Czytelnik wyjaśnia, że po roku nie pamiętał, czy rzeczywiście popełnił wykroczenie, a wystawionego mandatu nie posiadał. Wysłał więc pismo do Miejskiego Zarządu Dróg (MZD) z prośbą o potwierdzenie faktu nieopłącenia parkowania oraz potwierdzenie należytego poinformowania kierowcy o konieczności dokonania opłaty dodatkowej. 

- Odpowiedź z MZD wpłynęła po kilku dniach. Tego samego dnia na moim koncie wystawione zostało zajęcie egzekucyjne. W piśmie od magistratu przeczytałem, że odwołanie jest niedopuszczalne oraz, że do naczelnika Urzędu Skarbowego w Nowym Sączu sporządzono tytuł wykonawczy. Dołączona została do niego także fotografia, która miała dokumentować mój postój w tamtym miejscu przed rokiem – mówi nasz czytelnik.

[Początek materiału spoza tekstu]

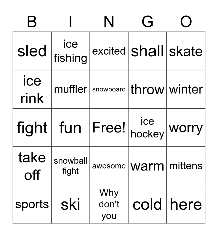 This bingo card has a free space and 24 words: snowball fight, ski, snowboard, sports, skate, sled, ice rink, ice fishing, ice hockey, awesome, throw, fight, warm, mittens, muffler, cold, worry, excited, winter, fun, here, take off, shall and Why don't you.

Jak dodaje, w związku z zajęciem egzekucyjnym nie miał szans na uregulowanie płatności bez kosztów dodatkowych. Z jego opowieści wynika także, że pojawiła się u niego Straż Miejska. MZD miał przekazać jej tę sprawę w trybie pilnym na dwa dni przed przedawnieniem. Okazało się, że czytelnik, parkując na ul. Sobieskiego, złamał zakaz ruchu w obu kierunkach. Ostatecznie mandat przyjął, ale jak mówi, w jego głowie pojawiło się wiele pytań.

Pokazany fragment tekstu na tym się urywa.